Output the data below only from the line containing "Pembe Beyaz Çiçek" up to and including the line containing "Libre Office in", exact and with the pictures left out.

**SUPPLIED RECORDS**
^^^^^^^^
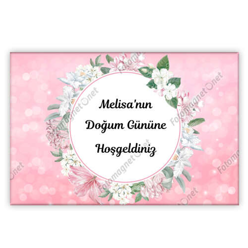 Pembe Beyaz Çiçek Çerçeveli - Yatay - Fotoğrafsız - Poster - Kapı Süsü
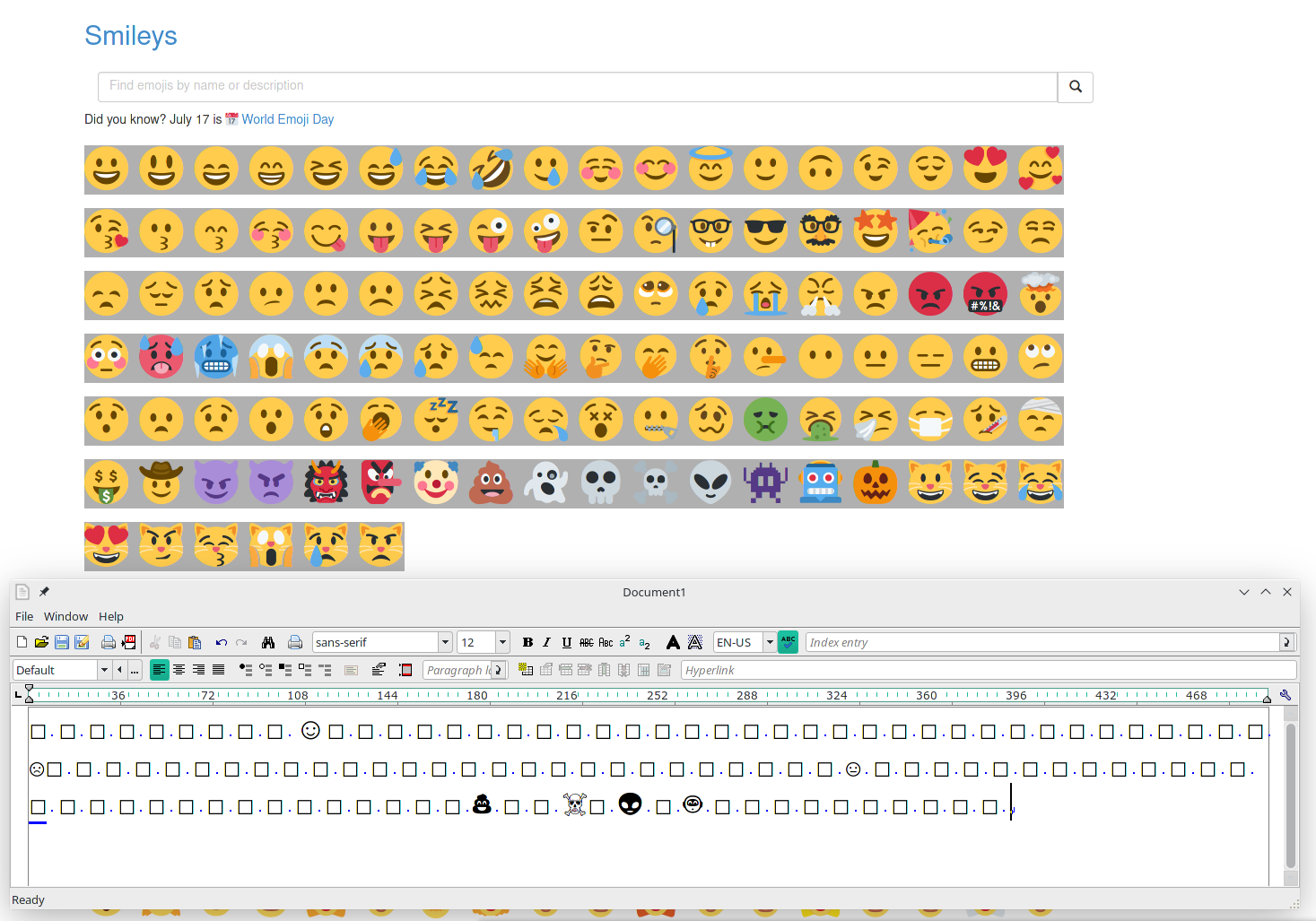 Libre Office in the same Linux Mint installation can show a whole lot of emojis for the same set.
^^^^^^^^
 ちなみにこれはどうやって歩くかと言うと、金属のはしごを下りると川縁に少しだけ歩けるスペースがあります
^^^^^^^^
**ANSWER TO THIS EXERCISE**
 Pembe Beyaz Çiçek Çerçeveli - Yatay - Fotoğrafsız - Poster - Kapı Süsü
 Libre Office in the same Linux Mint installation can show a whole lot of emojis for the same set.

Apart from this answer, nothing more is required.